Copy out exactly the lines spanning the line with "Ansicht des Mieders" to the line with "Gambar 5. Transisi", inclusive, from the data underneath, with no pictures.

[Collection entries]

=== Section Start ===

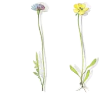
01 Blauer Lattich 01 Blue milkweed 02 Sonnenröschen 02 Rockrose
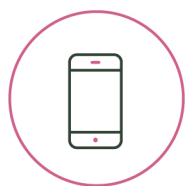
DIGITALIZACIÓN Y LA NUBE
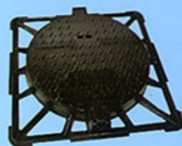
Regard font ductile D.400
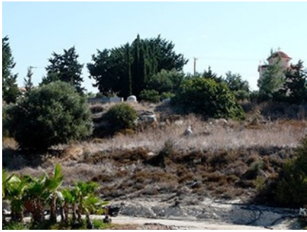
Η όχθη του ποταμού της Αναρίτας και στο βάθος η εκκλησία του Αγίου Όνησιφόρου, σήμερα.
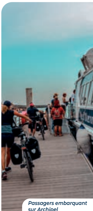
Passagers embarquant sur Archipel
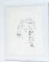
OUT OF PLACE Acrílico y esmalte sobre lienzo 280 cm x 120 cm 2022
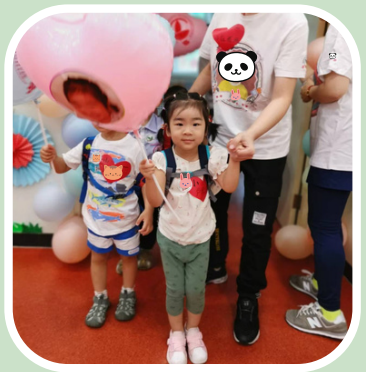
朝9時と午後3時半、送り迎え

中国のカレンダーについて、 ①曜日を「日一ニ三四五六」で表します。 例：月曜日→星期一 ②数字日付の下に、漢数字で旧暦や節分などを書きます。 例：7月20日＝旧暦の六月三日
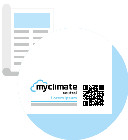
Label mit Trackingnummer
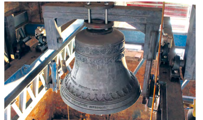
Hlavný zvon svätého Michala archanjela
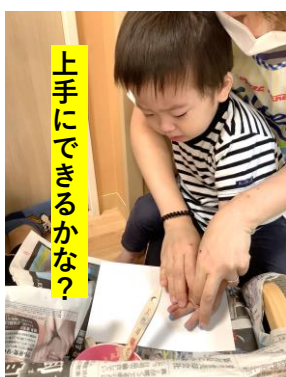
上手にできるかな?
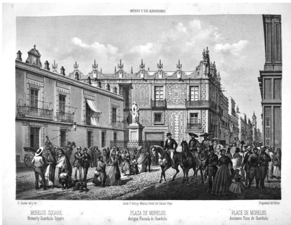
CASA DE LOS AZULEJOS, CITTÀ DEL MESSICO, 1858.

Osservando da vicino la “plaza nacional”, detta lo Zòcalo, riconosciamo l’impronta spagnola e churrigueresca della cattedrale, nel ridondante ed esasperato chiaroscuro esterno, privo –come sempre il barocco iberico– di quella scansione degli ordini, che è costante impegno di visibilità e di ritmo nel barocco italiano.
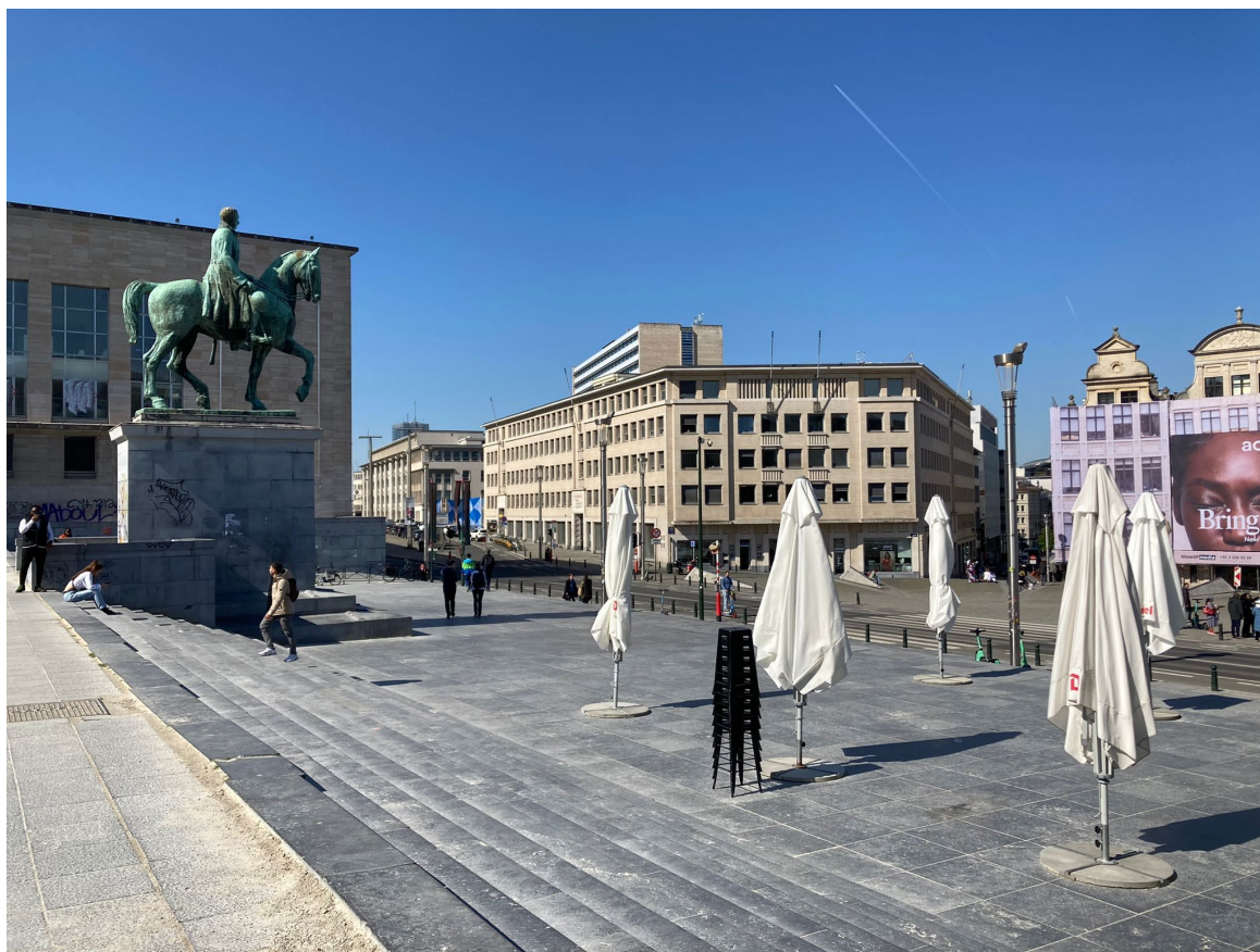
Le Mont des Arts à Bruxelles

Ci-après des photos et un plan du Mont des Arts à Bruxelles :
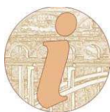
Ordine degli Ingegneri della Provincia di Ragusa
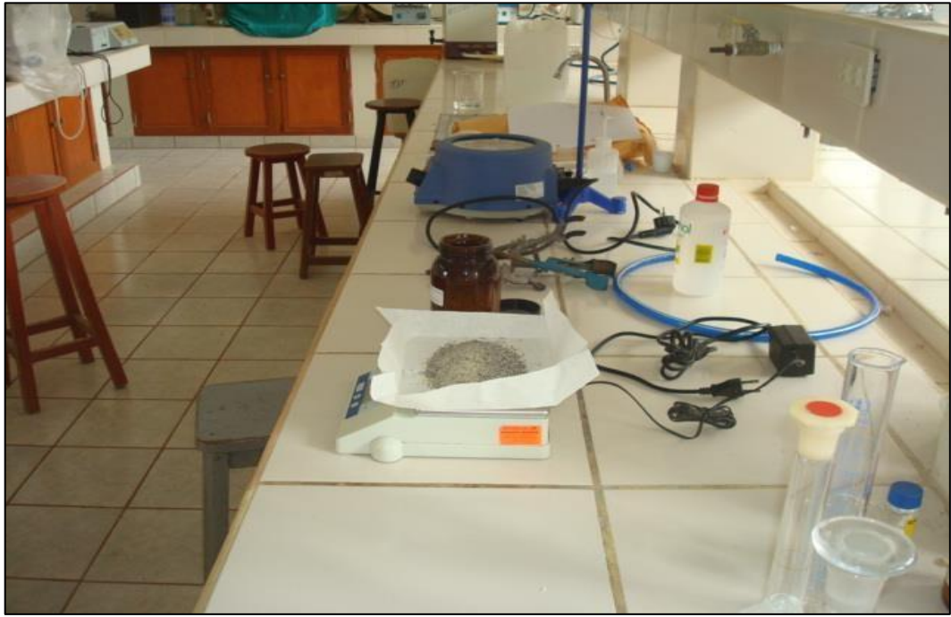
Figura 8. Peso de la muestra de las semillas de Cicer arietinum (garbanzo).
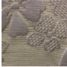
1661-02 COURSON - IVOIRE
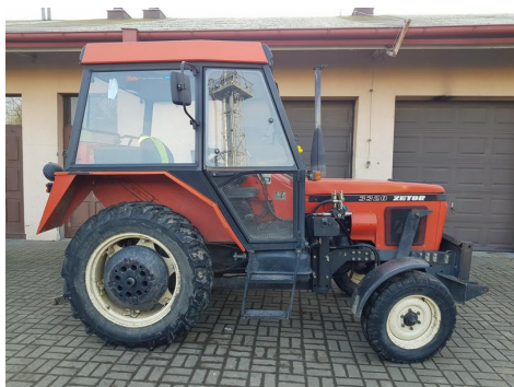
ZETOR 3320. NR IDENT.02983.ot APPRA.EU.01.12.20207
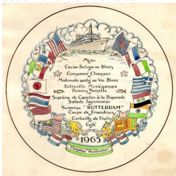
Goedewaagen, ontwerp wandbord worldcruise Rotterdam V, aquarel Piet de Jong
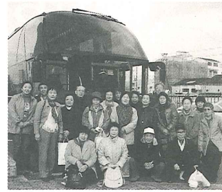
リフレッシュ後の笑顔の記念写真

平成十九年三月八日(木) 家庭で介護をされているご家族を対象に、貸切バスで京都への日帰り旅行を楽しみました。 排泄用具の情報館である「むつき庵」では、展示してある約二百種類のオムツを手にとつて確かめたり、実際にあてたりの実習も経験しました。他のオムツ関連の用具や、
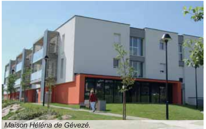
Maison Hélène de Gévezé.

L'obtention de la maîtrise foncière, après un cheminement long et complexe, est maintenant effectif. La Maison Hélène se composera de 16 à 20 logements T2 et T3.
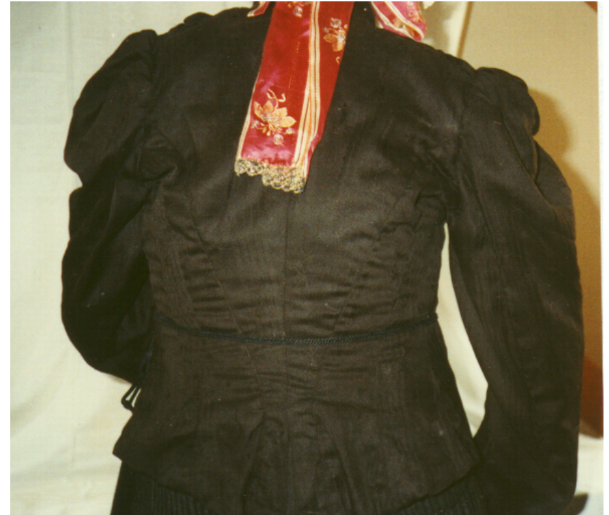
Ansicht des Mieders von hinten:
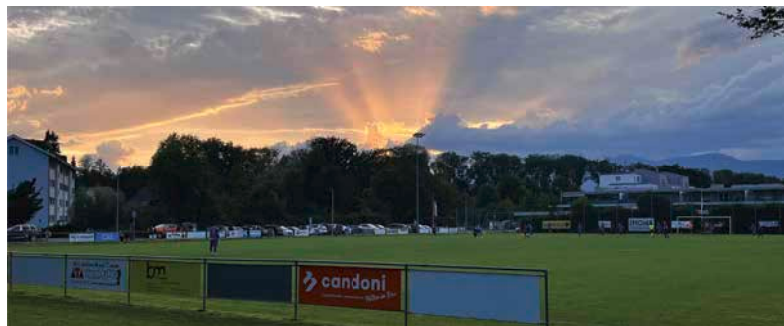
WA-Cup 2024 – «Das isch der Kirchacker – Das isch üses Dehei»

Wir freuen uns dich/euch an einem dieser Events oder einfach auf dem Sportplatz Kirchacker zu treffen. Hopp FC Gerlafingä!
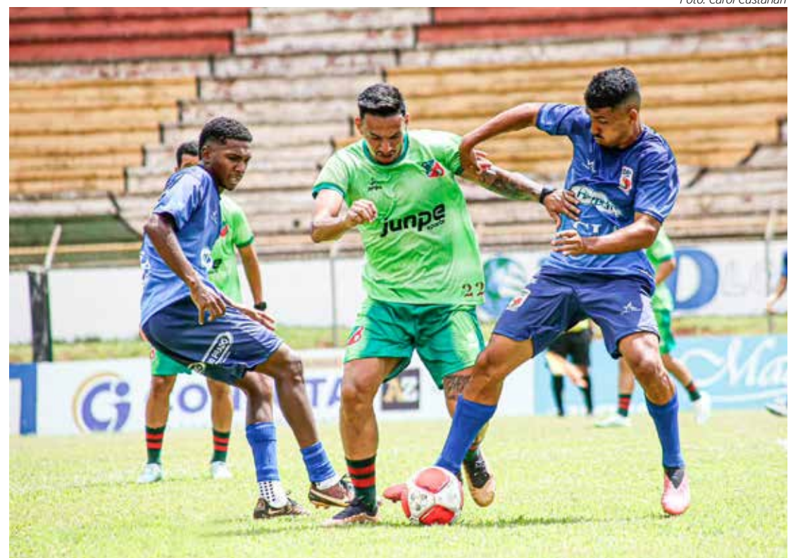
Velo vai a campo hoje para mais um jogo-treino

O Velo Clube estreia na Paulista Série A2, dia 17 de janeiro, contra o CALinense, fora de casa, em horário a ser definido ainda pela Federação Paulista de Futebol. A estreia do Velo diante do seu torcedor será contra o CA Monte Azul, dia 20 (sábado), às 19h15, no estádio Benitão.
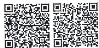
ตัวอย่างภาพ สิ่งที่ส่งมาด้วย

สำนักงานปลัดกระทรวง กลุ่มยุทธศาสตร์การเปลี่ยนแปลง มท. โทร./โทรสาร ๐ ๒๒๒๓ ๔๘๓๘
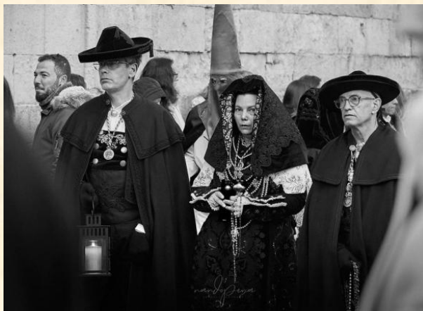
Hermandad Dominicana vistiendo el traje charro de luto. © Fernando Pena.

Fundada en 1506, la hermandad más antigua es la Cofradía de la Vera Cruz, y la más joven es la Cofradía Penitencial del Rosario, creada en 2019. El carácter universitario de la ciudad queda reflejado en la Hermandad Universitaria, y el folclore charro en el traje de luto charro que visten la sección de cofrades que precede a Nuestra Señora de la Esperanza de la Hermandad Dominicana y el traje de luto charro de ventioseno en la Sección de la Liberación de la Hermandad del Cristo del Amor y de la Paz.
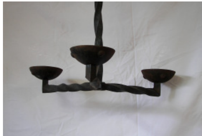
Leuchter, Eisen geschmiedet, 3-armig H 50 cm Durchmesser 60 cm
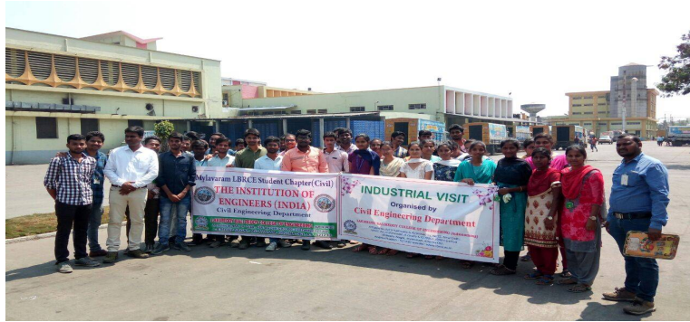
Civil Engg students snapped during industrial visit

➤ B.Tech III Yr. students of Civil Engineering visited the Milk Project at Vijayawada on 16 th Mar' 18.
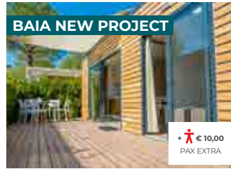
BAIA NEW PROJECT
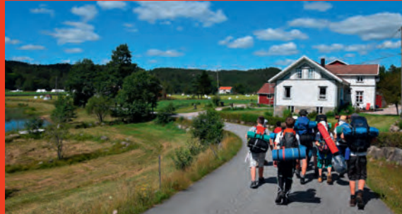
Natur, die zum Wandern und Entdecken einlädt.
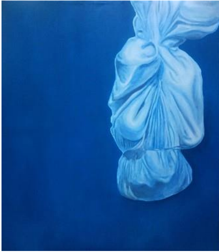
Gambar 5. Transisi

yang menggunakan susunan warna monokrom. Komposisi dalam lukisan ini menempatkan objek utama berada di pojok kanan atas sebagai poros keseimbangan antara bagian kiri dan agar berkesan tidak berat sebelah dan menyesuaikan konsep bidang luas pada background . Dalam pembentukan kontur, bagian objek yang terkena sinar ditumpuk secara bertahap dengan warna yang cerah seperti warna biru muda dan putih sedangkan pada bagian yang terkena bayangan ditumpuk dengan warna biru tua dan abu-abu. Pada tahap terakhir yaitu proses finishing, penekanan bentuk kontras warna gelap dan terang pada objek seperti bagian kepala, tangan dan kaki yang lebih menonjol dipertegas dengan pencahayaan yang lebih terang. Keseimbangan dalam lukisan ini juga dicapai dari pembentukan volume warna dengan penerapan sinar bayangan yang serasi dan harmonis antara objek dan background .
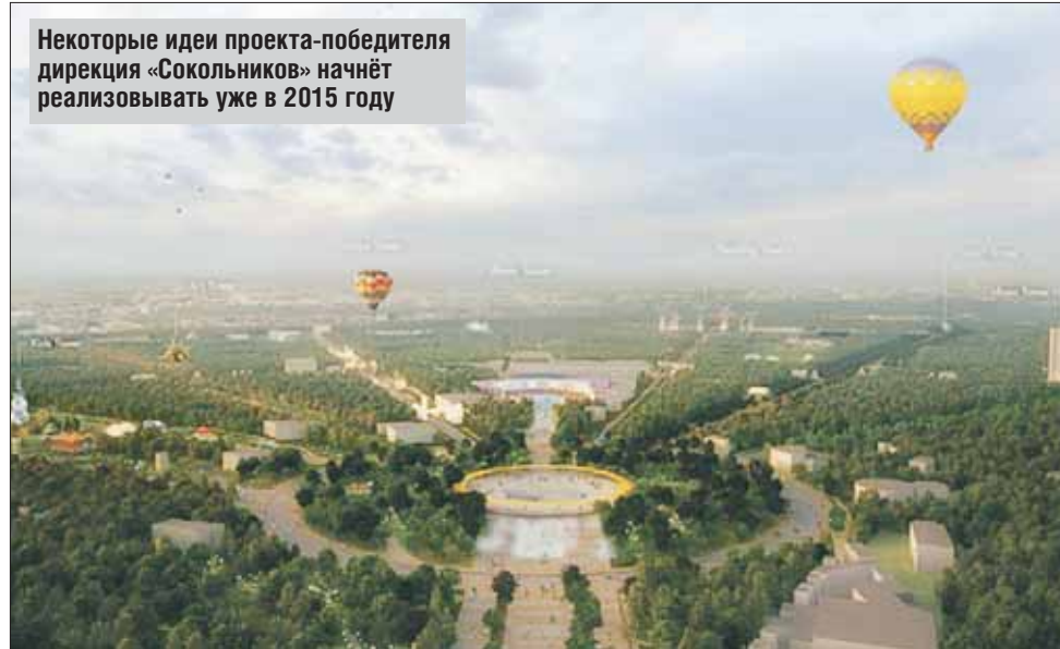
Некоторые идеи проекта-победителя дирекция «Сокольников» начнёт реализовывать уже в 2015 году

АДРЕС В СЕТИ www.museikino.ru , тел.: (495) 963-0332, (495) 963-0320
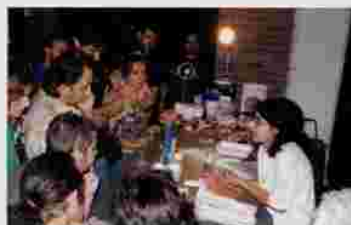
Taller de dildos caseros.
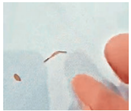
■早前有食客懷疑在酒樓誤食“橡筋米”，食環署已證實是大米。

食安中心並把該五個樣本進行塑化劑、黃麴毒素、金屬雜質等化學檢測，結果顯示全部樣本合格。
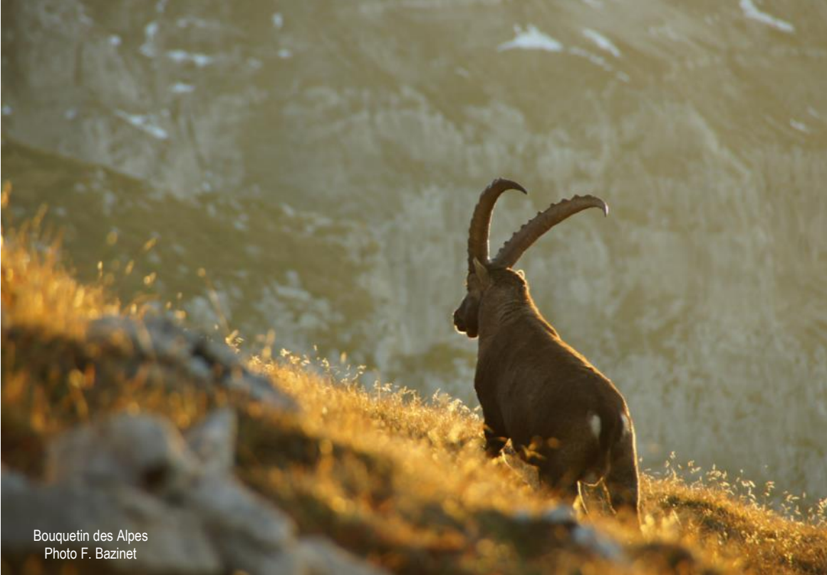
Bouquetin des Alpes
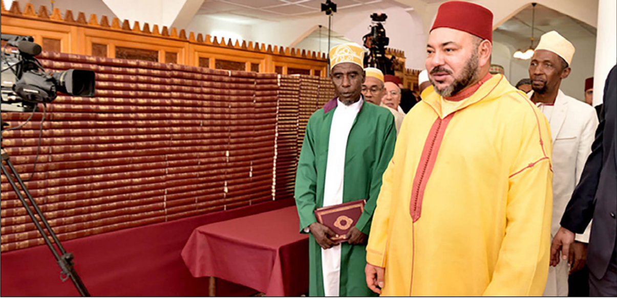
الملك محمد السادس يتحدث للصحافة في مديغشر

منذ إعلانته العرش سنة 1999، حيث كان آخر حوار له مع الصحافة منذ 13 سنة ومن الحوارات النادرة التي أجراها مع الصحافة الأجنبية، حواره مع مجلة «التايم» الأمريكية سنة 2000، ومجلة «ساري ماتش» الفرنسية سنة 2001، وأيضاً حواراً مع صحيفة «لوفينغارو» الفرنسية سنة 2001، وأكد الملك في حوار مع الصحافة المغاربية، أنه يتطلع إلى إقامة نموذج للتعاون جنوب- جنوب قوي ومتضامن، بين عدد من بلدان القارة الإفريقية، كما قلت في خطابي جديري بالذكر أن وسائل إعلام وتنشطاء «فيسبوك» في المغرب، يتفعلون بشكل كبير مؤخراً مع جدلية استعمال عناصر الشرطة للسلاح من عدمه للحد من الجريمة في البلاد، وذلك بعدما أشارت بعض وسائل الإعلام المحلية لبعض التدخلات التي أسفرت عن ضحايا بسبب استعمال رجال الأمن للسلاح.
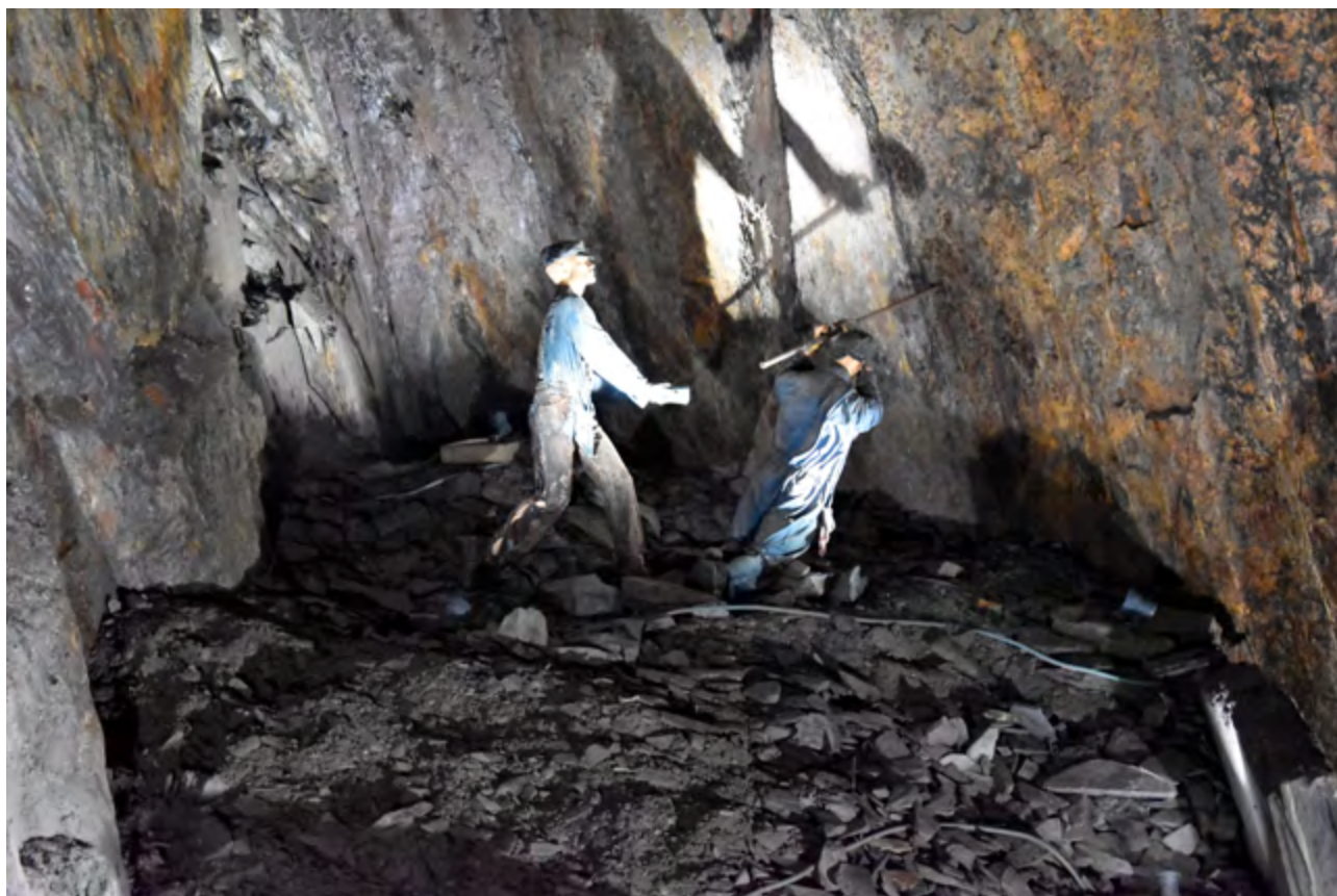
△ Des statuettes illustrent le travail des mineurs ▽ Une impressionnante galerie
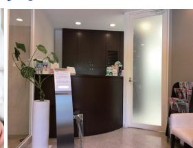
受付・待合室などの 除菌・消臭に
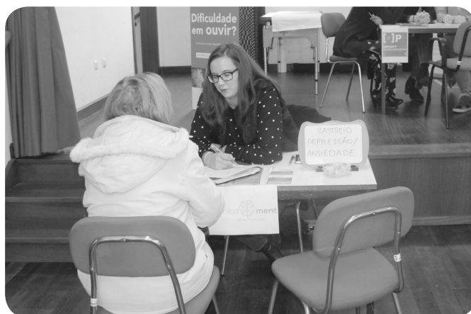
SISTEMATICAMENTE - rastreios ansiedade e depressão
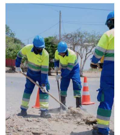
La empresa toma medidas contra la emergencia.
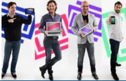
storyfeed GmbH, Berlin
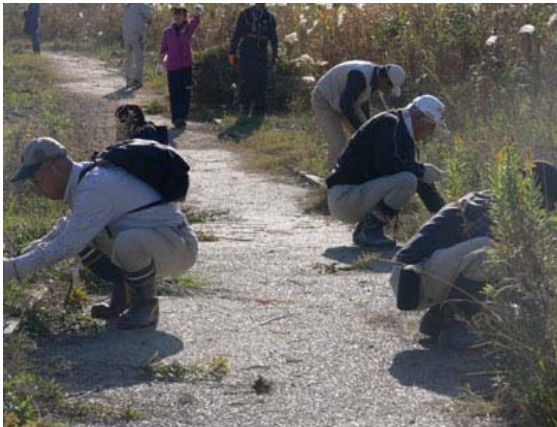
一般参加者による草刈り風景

=== Section End ===

FINISHED TASK ::
Ansicht des Mieders von hinten:
WA-Cup 2024 – «Das isch der Kirchacker – Das isch üses Dehei»

Wir freuen uns dich/euch an einem dieser Events oder einfach auf dem Sportplatz Kirchacker zu treffen. Hopp FC Gerlafingä!
Velo vai a campo hoje para mais um jogo-treino

O Velo Clube estreia na Paulista Série A2, dia 17 de janeiro, contra o CALinense, fora de casa, em horário a ser definido ainda pela Federação Paulista de Futebol. A estreia do Velo diante do seu torcedor será contra o CA Monte Azul, dia 20 (sábado), às 19h15, no estádio Benitão.
ตัวอย่างภาพ สิ่งที่ส่งมาด้วย

สำนักงานปลัดกระทรวง กลุ่มยุทธศาสตร์การเปลี่ยนแปลง มท. โทร./โทรสาร ๐ ๒๒๒๓ ๔๘๓๘
Hermandad Dominicana vistiendo el traje charro de luto. © Fernando Pena.

Fundada en 1506, la hermandad más antigua es la Cofradía de la Vera Cruz, y la más joven es la Cofradía Penitencial del Rosario, creada en 2019. El carácter universitario de la ciudad queda reflejado en la Hermandad Universitaria, y el folclore charro en el traje de luto charro que visten la sección de cofrades que precede a Nuestra Señora de la Esperanza de la Hermandad Dominicana y el traje de luto charro de ventioseno en la Sección de la Liberación de la Hermandad del Cristo del Amor y de la Paz.
Leuchter, Eisen geschmiedet, 3-armig H 50 cm Durchmesser 60 cm
Civil Engg students snapped during industrial visit

➤ B.Tech III Yr. students of Civil Engineering visited the Milk Project at Vijayawada on 16 th Mar' 18.
BAIA NEW PROJECT
Natur, die zum Wandern und Entdecken einlädt.
Gambar 5. Transisi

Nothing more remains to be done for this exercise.